From ozonesonde and satellite comparisons described above, we conclude that no artificial biases were introduced either by the new IMK/IAA MIPAS processing scheme or by the new version of MIPAS Level 1B spectra. This conclusion is consistent with findings of the validation activities within the ESA Ozone_cci project (Hubert et al., 2018).
3.1 Level 1B analysis: improvement in the detector NL characterization
The MIPAS instrument recorded interferograms in the five spectral bands, A: 685–970, AB: 1020–1170, B: 1215–1500, C: 1570–1750 and D: 1820–2410 cm−1, using eight IR detectors called A1/A2, B1/B2, C1/C2 and D1/D2. The spectral signal in each spectral band is composed of the combined information from the different detectors as follows: the A1/A2 detectors contribute to the MIPAS spectral band A, B1 to AB, B2 to B, C1/C2 to C and D1/D2 to D. Four detectors, namely A1/A2 and B1/B2, show a nonlinear response to photon flux, which has to be corrected to obtain the appropriate interferogram.
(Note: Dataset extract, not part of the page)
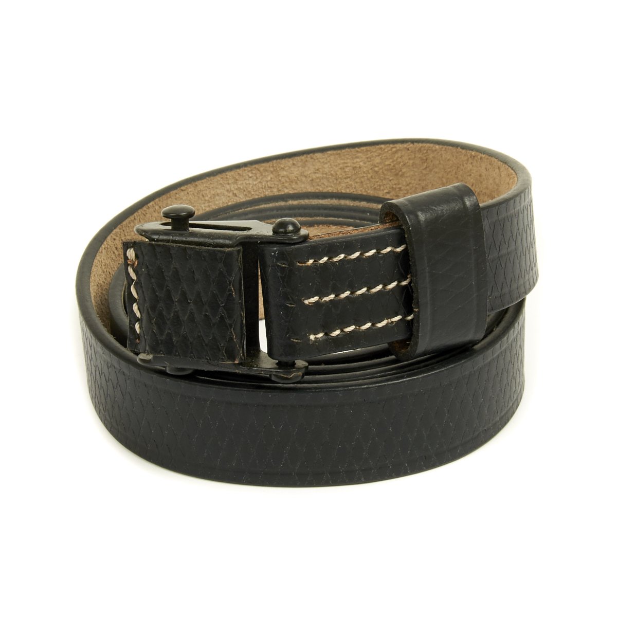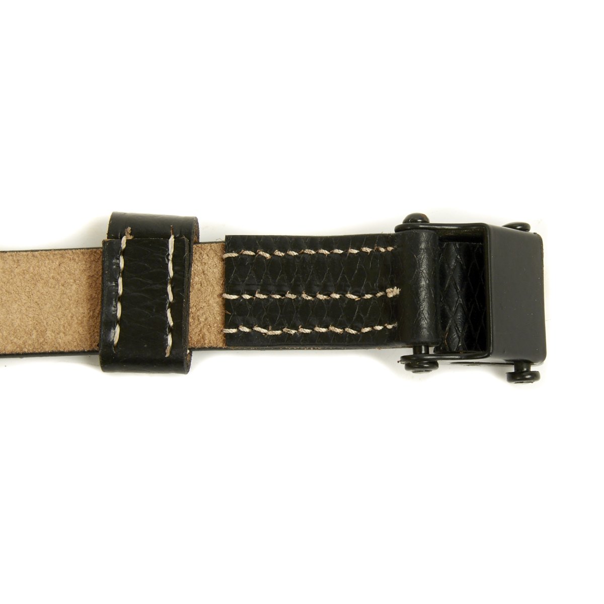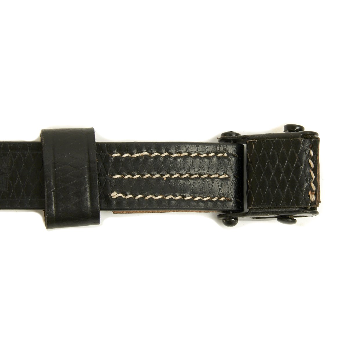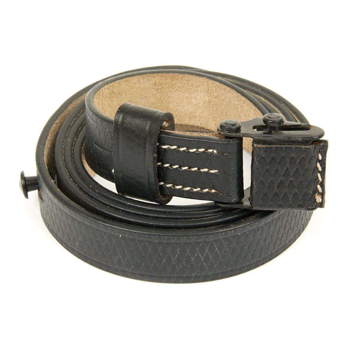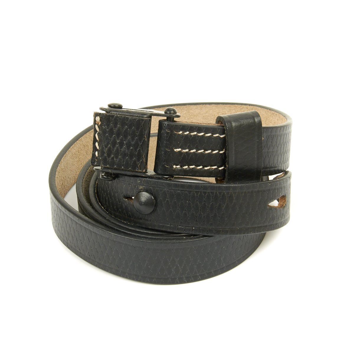 • New Made Item: Always hard to find, we now have manufactured correct two hole MP40 sling complete with cross-hatching in SS German black leather. Comes with proper steel slide buckle, collar stud steel button and single leather keeper. Stamped with replicated maker and date markings.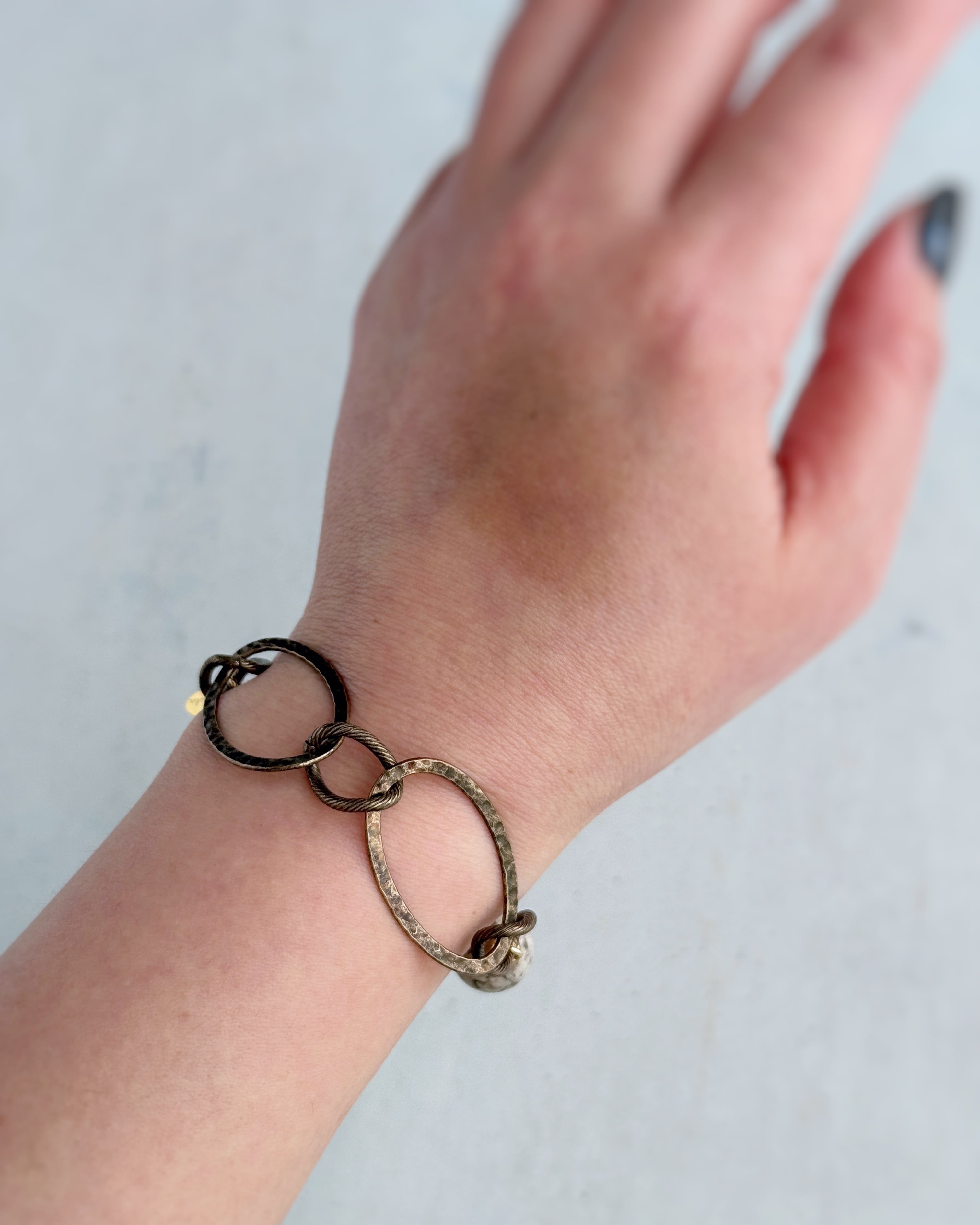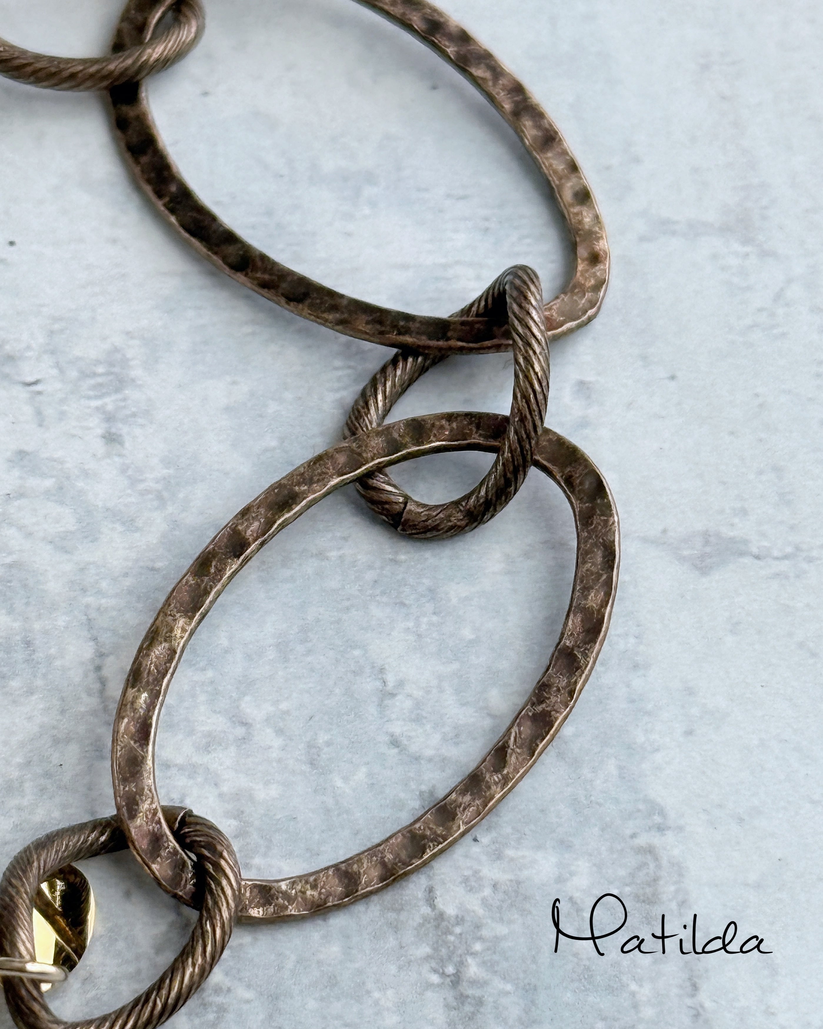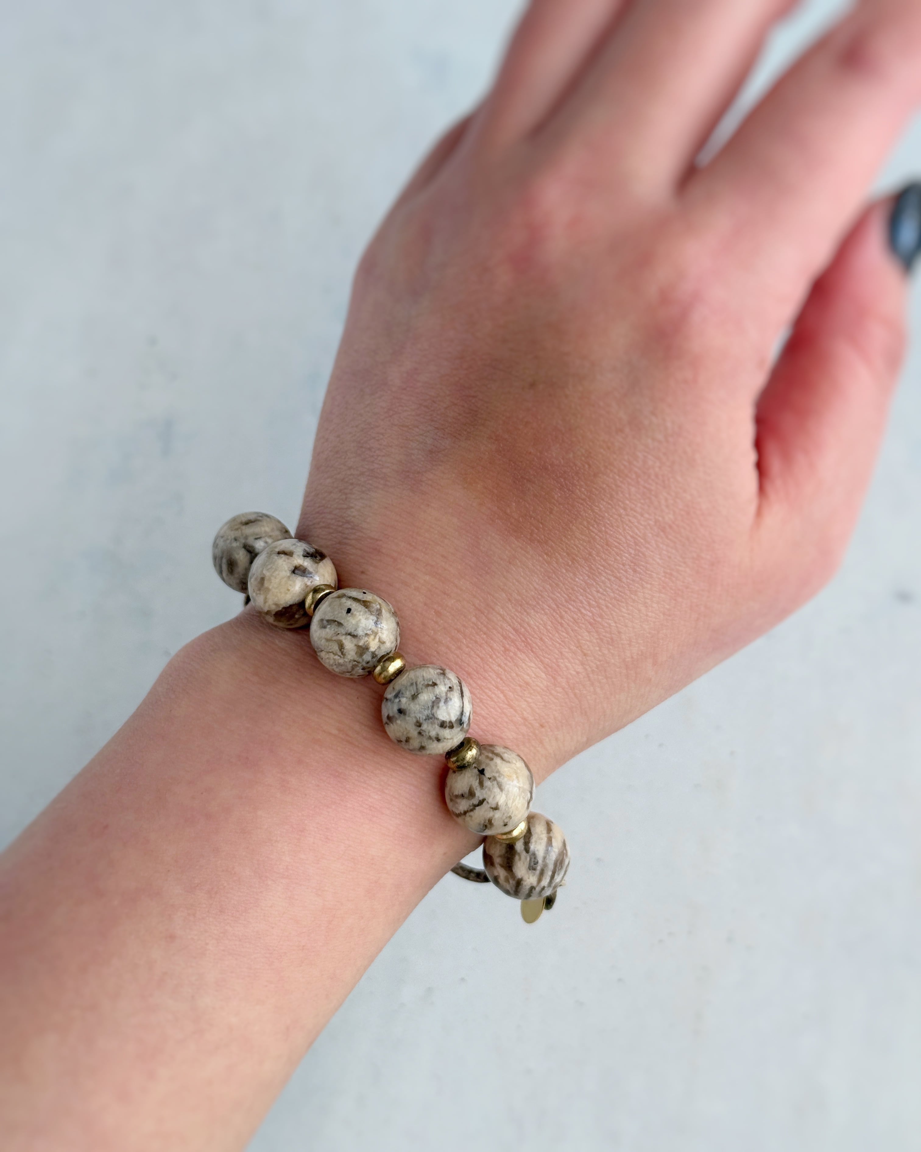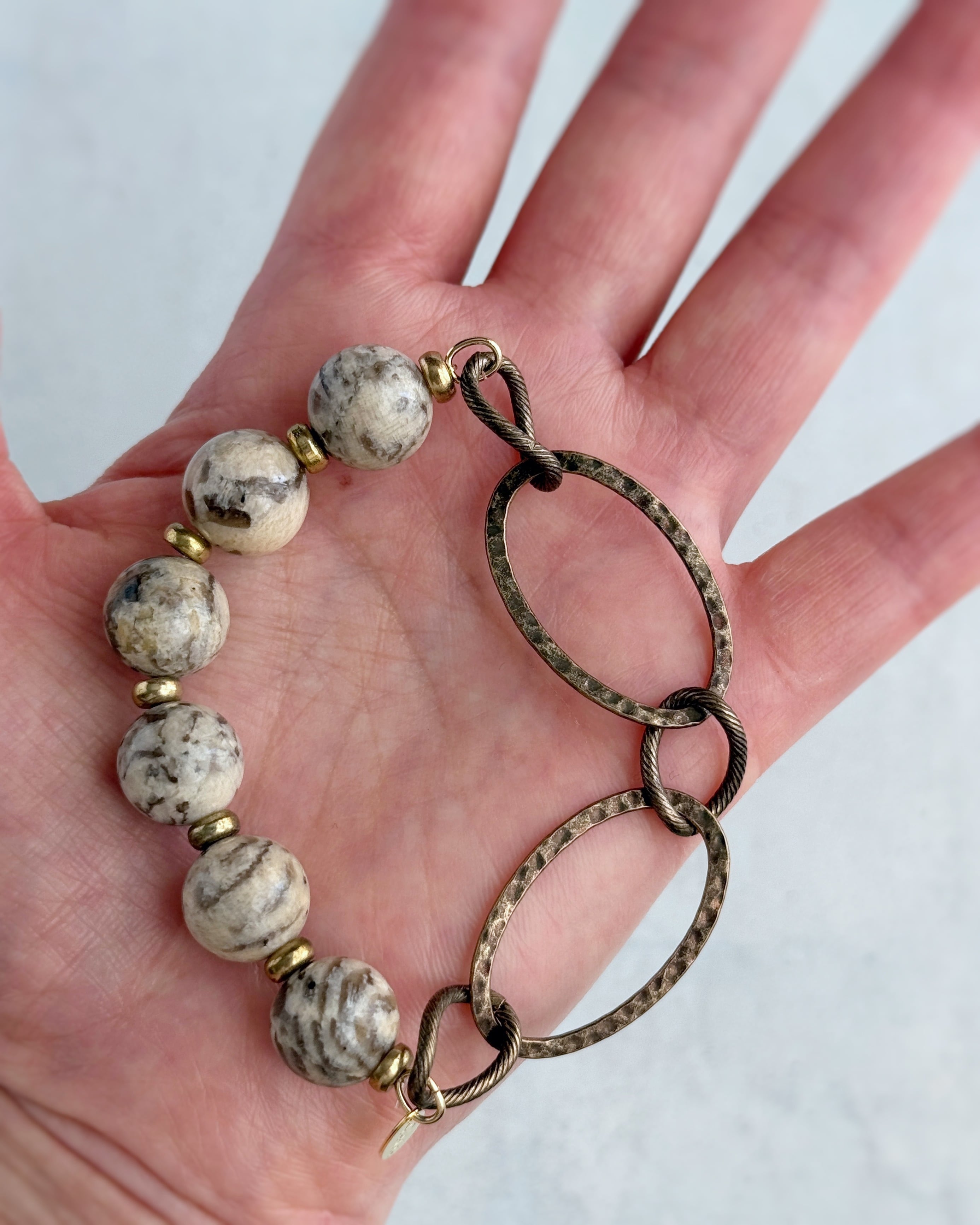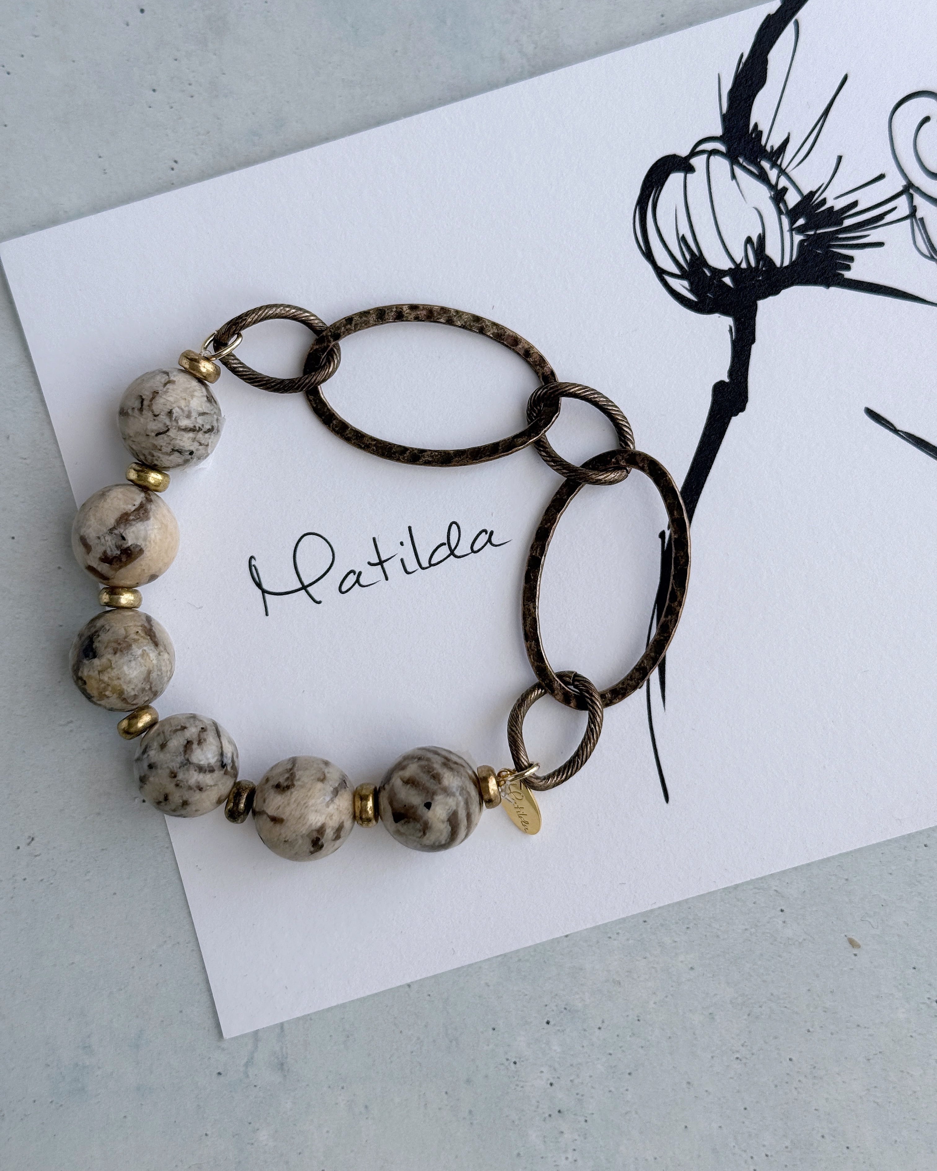 フェルスパーのアイボリーベージュにスモーキークォーツのクリアブラウンがアートな模様を描くグラフィックグラナイトに、ゴールドカラーの真鍮ビーズを合わせ、シックなブロンズカラーのメタルチェーンが抜け感を添える。

The detectors exhibited aging; essentially the sensitivity degraded slowly over time and the response became more linear. Hence, for the spectral bands A, AB and B, precisely those relevant for the temperature and ozone retrieval, an impact of the detector aging on the measurements has to be expected. There was just one preflight characterization measurement for the detector NL. This characterization was used for in-flight gain calibration throughout the mission (2002–2012) to correct for NL in detector responses up to version 5 of Level 1B MIPAS data. This deficient radiometric calibration caused a drift of the instrument (Eckert et al., 2014; Kiefer et al., 2013; Kleinert et al., 2007), making MIPAS data not suitable for trend studies without preliminary drift removal. Wagner and Birk (2005) proposed a new method to characterize the detector NL in-flight measurements in raw data mode. This correction was incorporated in version 7 of MIPAS Level 1B spectra. Plotting MIPAS Level 1B spectra with new NL coefficients (NLCs) against spectra with old NLCs allows us to fit two regression parameters: slope and offset, with ideal values to be close, respectively, to 1 and 0. These slopes and offsets, for both directions of the interferometer mirror movement, forward and backward, are shown in Fig. 8 for altitudes of 16 km (Fig. 8a) and 51 km (Fig. 8b).
Figure 8 demonstrates that for Level 1b MIPAS spectra in bands A, AB and B, both slope and offset change over time; i.e., the spectra with the old NLCs and the new NLCs slowly drift apart (up to 2 %). This is the reason why an improvement in long-term stability of MIPAS Level 2 data is expected.
3.2 Level 2 analysis
In our definition, drifts are long-term variations in the bias between two instruments. The drifts appear as artificial trends in a signal due to imperfect instrument stability. To assess the long-term stability of the MIPAS ozone dataset, we compared it to a network of data including ozonesondes and ground-based lidars using the method from Hubert et al. (2016) and with Aura MLS (Froidevaux et al., 2008), using the method described by Eckert et al. (2014). As a first rough estimation, we examine the time series of old and new versions of MIPAS ozone data at 37 km in altitude in the 0–10∘ S latitude band; see Fig. 9. The choice of the latitude band and altitude for such an illustration are driven by the drift estimation from Eckert et al. (2014); see also Fig. 11a: it corresponds to a pixel with strong significant negative drift. The red and the dark green curves in Fig. 9 show the time series of the old and the new MIPAS RR data, respectively. A negative drift of the old data with respect to the new data is clearly seen and is approximately linear. This provides indirect evidence that the methods of estimating the drift of MIPAS, chosen in Hubert et al. (2016) and Eckert et al. (2014), are appropriate.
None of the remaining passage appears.